Generally any projective group $\mathrm{PGL}(2,\mathbb{F}_q)$ acting on the $q+1$ points of the projective line over $\mathbb{F}_q$ is sharply $3$-transitive. This gives infinitely many $3$-homogeneous but not $4$-homogeneous groups.
A related example I particularly like is the $3$-transitive but $4$-homogeneous group $\mathrm{P}\Gamma\mathrm{L}(2,8)$ obtained by extending $\mathrm{PGL}_2(\mathbb{F}_8)$ by the Frobenius automorphism of order $3$. Such groups are important in the classification of multiplicity-free permutation characters of $S_n$. I have a relevant paper which builds on work of Saxl, and there is also independent work of Godsil and Meagher.

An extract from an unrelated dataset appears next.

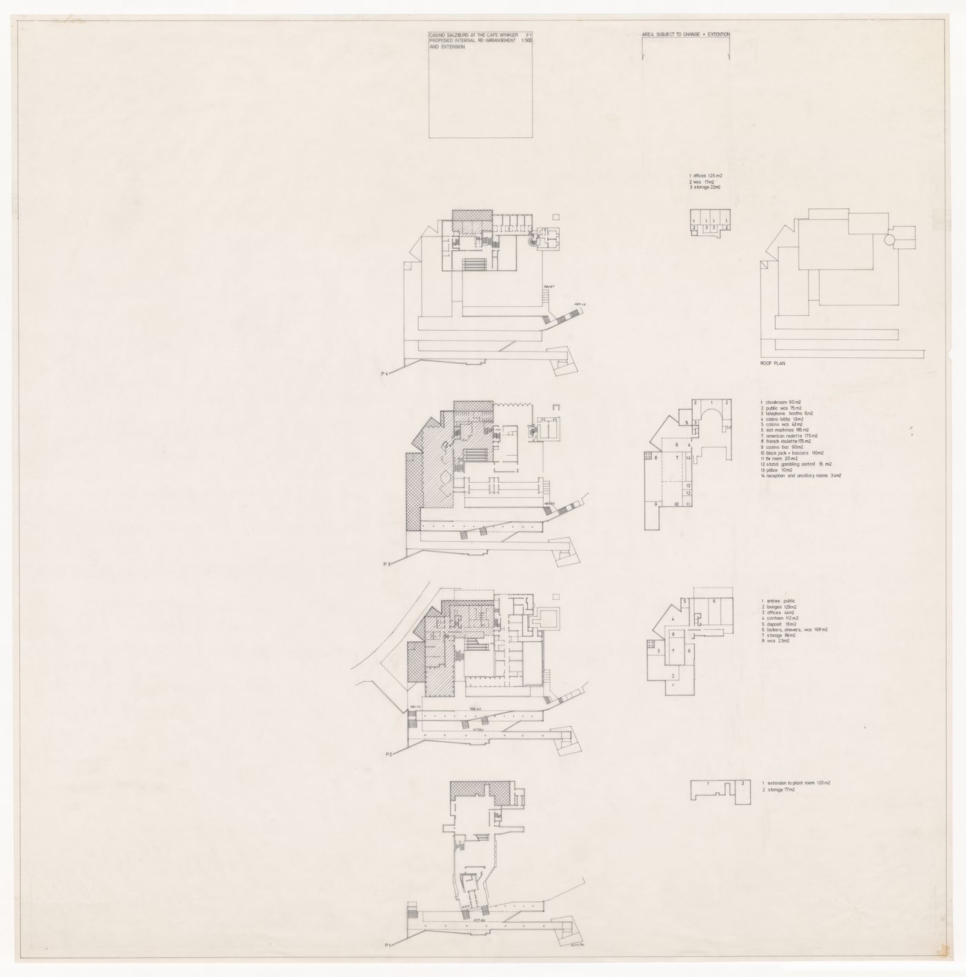 Plans with guide for internal re-arrangement and extension for Ampliação do Casino e Restaurante Winkler [Winkler Casino and restaurant extension], Salzburg, Austria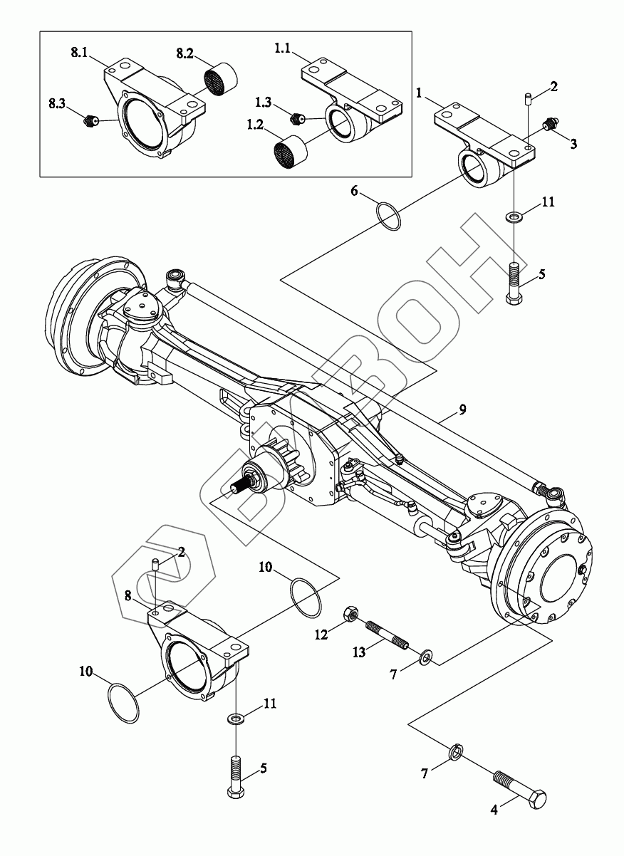 Графический каталог запасных частей к технике: LOVOL TD1SA904-050K. Передний ведущий мост 1

Incidentally, going in the opposite direction, it is not completely obvious that a $k$-homogeneous group on $n$ points is $(k-1)$-homogeneous, provided $k \le n/2$. But this is of course true, and has a neat proof using character theory: the number of orbits of $G \le S_n$ on $k$-subsets is $\langle 1\!\!\uparrow_G^{S_n}, \pi_k \rangle$, where $\pi_k$ is the permutation character of $S_n$ acting on $k$-subsets; now use that $\pi_k - \pi_{k-1}$ is the irreducible character $\chi^{(n-k,k)}$, so the difference has non-negative inner product with any character.